Aim of the exercise:
Reproduce from the records below, with no pictures, exactly the lines between the one containing "For Workspace Business" and the one containing "Die Nabelschnur ist", inclusive.

[Working data Boundary: Start]

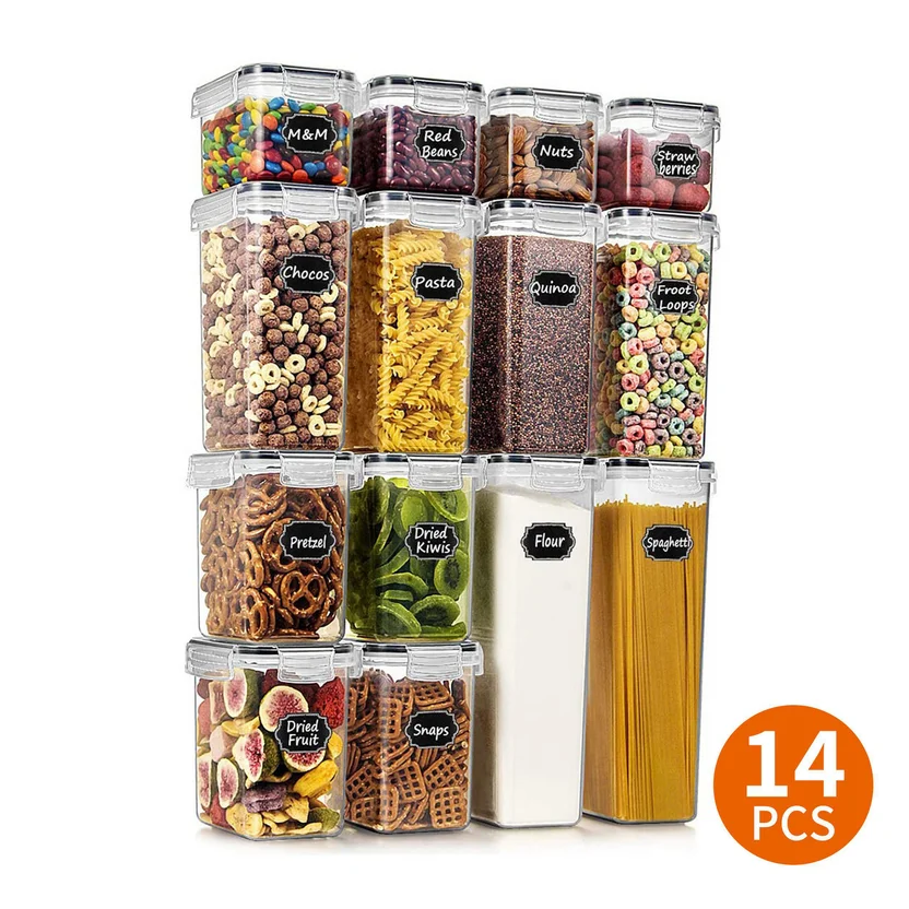 Este set incluye 28 piezas (14 contenedores y 14 tapas) de plástico, con un diseño pensado para facilitar su apilamiento. La variedad de tamaños (0.8 ml, 1.4 L, 2 L y 2.8 L) te permitirá guardar diferentes tipos de alimentos, desde especias hasta pastas. El set tiene unas dimensiones de 29.5 x 19.5 x 30.5 cm y cuenta con una garantía de 6 meses. Originarios de China, estos contenedores son una solución práctica y estética para tu hogar.
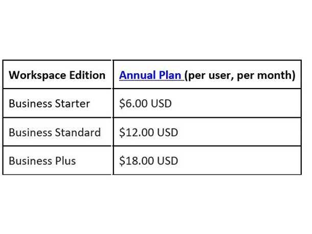 For Workspace Business Standard, the Annual Plan price is $12 per user, per month.
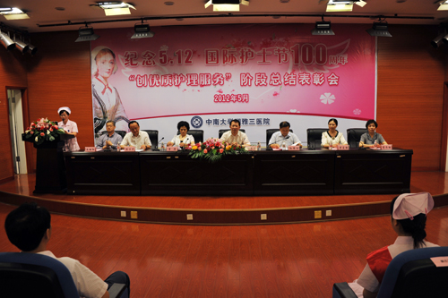 5月8日下午,纪念国际护士节100周年表彰大会在医院外科楼二楼学术报告厅隆重举行。中南大学副书记陶立坚、医政处处长孙维佳,省卫生厅医政处副处长曾清,湖南省护理学会常务副理事长蒋冬梅教授等领导应邀出席,全体在院院领导、“创优”领导小组和支持小组全体成员、各临床医技科室主任、职能科室负责人、党支部书记及全体受表彰的护士共200余人参加大会。会议由副院长朱晒红主持。
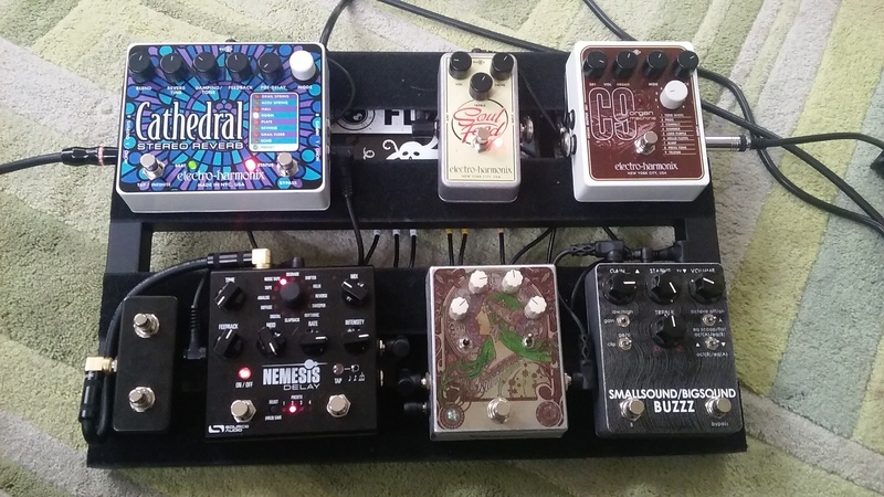 The big gap next to the whammy is a placeholder for my replacement 4046m whenever that's ready. The line selector under the ct5 is to route the 8step to either the ct5 or PS3, the big black mammoth clone above the t-resonator is a placeholder (size wise) for a stereo bypass looper for the t-resonator that Tom at wee lush is building me, with two switches to bypass the left/right inputs seperately. Grey box under the ms50g is tap tempo for the dd7. Ditto x4 is now off board as my looping is completely midi sequenced so no need to have it on the floor.
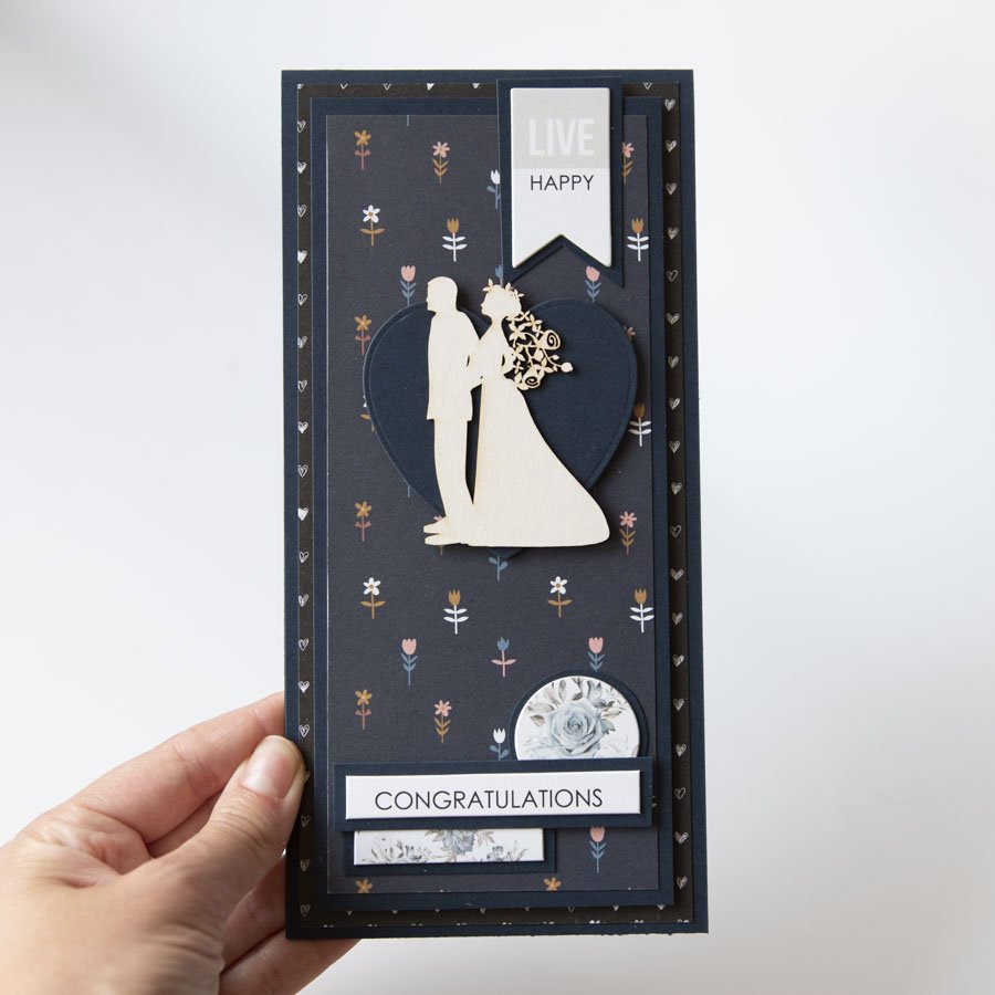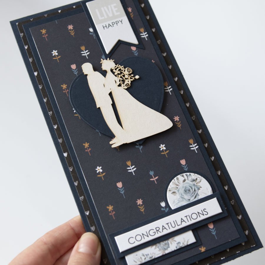 Ręcznie robiona kartka ślubna w odcieniach granatu z napisami w języku angielskim
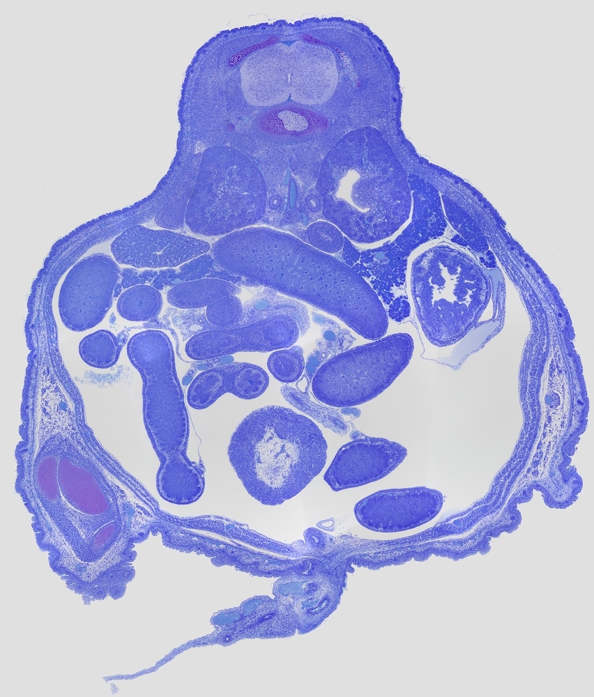 Die Nabelschnur ist unten zu sehen. Oben zeigt sich das Rückenmark. Mitte, Darmen und dazwischen Pancreas. Links, anschnitt von das Linker Hinterbein.
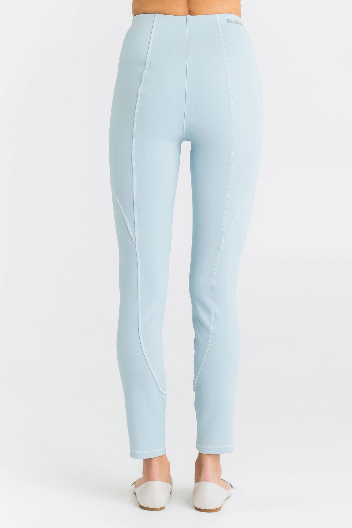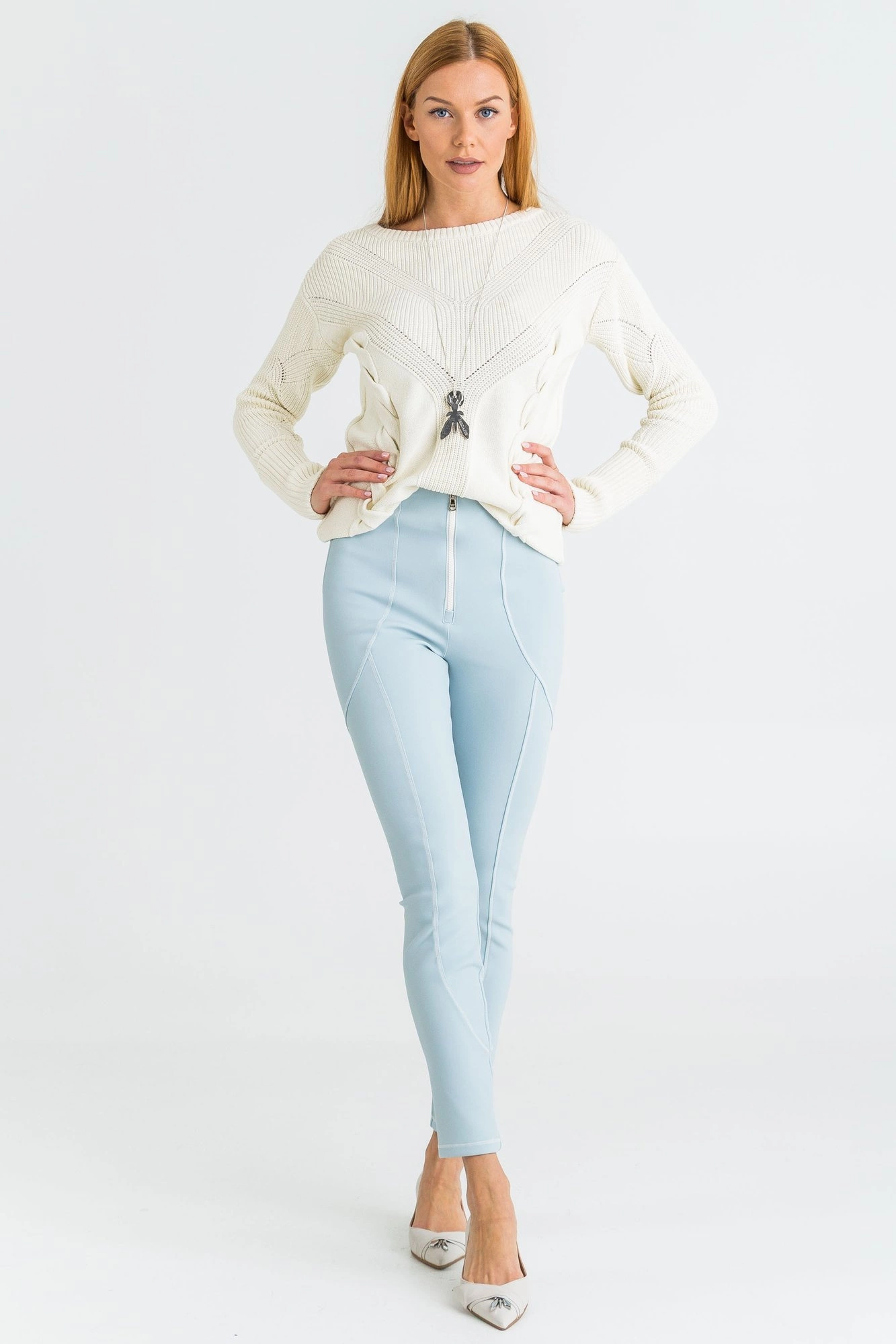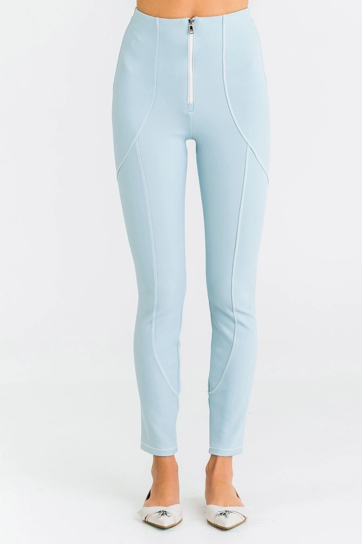 Spodnie w kolorze gołębiego błękitu o dopasowanym fasonie. Zapinane z przodu zamek. Na całości ozdobne przeszycia. Nogawki delikatnie zwężane. Dopasowane i wygodne.

[Working data Boundary: End]

Answer section:
 For Workspace Business Standard, the Annual Plan price is $12 per user, per month.
 5月8日下午,纪念国际护士节100周年表彰大会在医院外科楼二楼学术报告厅隆重举行。中南大学副书记陶立坚、医政处处长孙维佳,省卫生厅医政处副处长曾清,湖南省护理学会常务副理事长蒋冬梅教授等领导应邀出席,全体在院院领导、“创优”领导小组和支持小组全体成员、各临床医技科室主任、职能科室负责人、党支部书记及全体受表彰的护士共200余人参加大会。会议由副院长朱晒红主持。
 The big gap next to the whammy is a placeholder for my replacement 4046m whenever that's ready. The line selector under the ct5 is to route the 8step to either the ct5 or PS3, the big black mammoth clone above the t-resonator is a placeholder (size wise) for a stereo bypass looper for the t-resonator that Tom at wee lush is building me, with two switches to bypass the left/right inputs seperately. Grey box under the ms50g is tap tempo for the dd7. Ditto x4 is now off board as my looping is completely midi sequenced so no need to have it on the floor.
 Ręcznie robiona kartka ślubna w odcieniach granatu z napisami w języku angielskim
 Die Nabelschnur ist unten zu sehen. Oben zeigt sich das Rückenmark. Mitte, Darmen und dazwischen Pancreas. Links, anschnitt von das Linker Hinterbein.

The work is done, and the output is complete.